• Work to complete:
Please write out only the lines from the line with "B67-760 TINNER'S HAMMER." to the line with "This exquisite Tibetan", inclusive, exactly as they stand below, without the pictures.

• Records:
▬▬▬▬▬▬
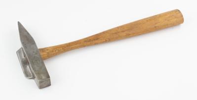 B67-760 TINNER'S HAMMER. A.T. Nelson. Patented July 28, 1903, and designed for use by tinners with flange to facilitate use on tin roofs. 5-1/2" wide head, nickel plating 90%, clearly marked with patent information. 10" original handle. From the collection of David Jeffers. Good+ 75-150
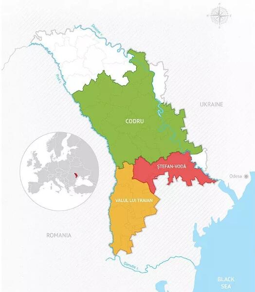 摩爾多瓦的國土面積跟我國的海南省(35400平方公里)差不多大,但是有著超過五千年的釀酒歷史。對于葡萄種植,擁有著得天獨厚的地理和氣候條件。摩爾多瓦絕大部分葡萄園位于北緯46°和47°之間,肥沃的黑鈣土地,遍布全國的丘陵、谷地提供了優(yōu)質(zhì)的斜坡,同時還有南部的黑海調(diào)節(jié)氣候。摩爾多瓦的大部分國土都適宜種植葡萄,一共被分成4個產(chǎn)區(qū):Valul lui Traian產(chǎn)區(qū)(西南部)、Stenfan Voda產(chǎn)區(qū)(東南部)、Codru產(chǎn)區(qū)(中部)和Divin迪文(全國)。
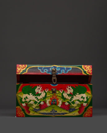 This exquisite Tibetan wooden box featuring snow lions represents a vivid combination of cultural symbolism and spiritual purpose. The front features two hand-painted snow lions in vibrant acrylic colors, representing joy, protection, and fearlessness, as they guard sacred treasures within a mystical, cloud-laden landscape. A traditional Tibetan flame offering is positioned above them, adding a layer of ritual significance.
▬▬▬▬▬▬
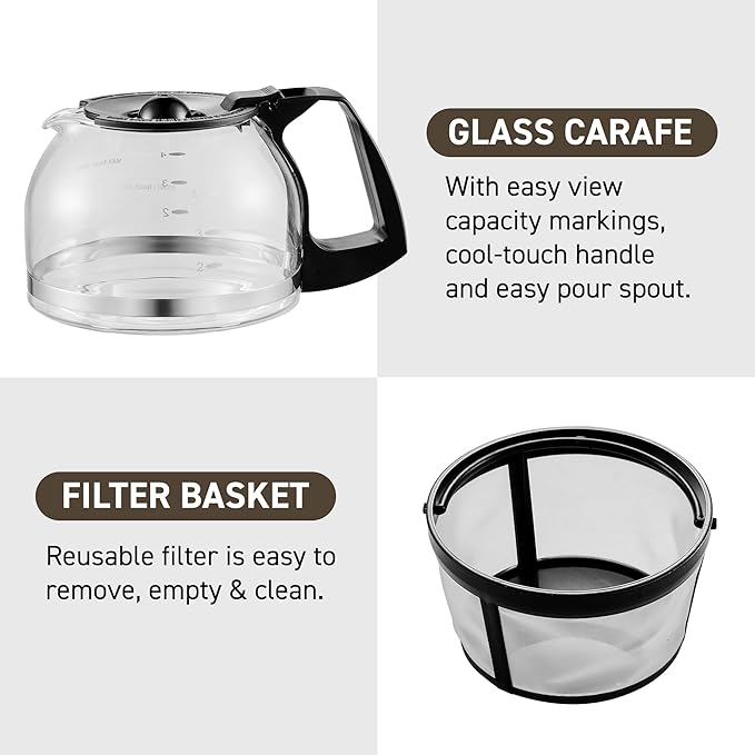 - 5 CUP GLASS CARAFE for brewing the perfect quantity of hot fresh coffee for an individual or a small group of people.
▬▬▬▬▬▬
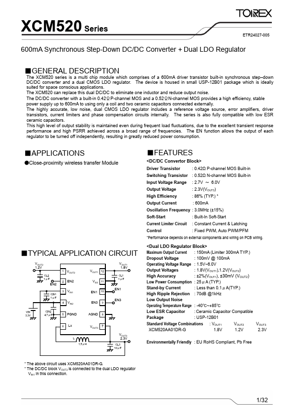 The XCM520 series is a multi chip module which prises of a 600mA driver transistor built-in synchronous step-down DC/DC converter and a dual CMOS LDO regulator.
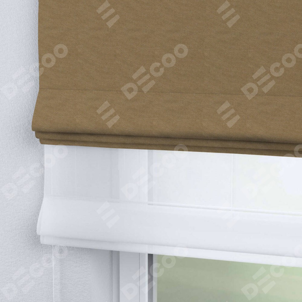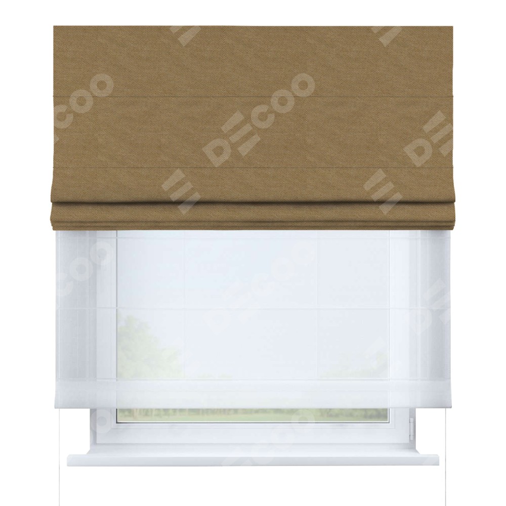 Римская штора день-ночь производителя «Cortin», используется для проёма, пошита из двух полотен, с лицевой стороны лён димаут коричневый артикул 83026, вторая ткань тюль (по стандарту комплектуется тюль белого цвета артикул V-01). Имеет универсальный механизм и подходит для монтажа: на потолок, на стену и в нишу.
▬▬▬▬▬▬
• Written response:
 B67-760 TINNER'S HAMMER. A.T. Nelson. Patented July 28, 1903, and designed for use by tinners with flange to facilitate use on tin roofs. 5-1/2" wide head, nickel plating 90%, clearly marked with patent information. 10" original handle. From the collection of David Jeffers. Good+ 75-150
 摩爾多瓦的國土面積跟我國的海南省(35400平方公里)差不多大,但是有著超過五千年的釀酒歷史。對于葡萄種植,擁有著得天獨厚的地理和氣候條件。摩爾多瓦絕大部分葡萄園位于北緯46°和47°之間,肥沃的黑鈣土地,遍布全國的丘陵、谷地提供了優(yōu)質(zhì)的斜坡,同時還有南部的黑海調(diào)節(jié)氣候。摩爾多瓦的大部分國土都適宜種植葡萄,一共被分成4個產(chǎn)區(qū):Valul lui Traian產(chǎn)區(qū)(西南部)、Stenfan Voda產(chǎn)區(qū)(東南部)、Codru產(chǎn)區(qū)(中部)和Divin迪文(全國)。
 This exquisite Tibetan wooden box featuring snow lions represents a vivid combination of cultural symbolism and spiritual purpose. The front features two hand-painted snow lions in vibrant acrylic colors, representing joy, protection, and fearlessness, as they guard sacred treasures within a mystical, cloud-laden landscape. A traditional Tibetan flame offering is positioned above them, adding a layer of ritual significance.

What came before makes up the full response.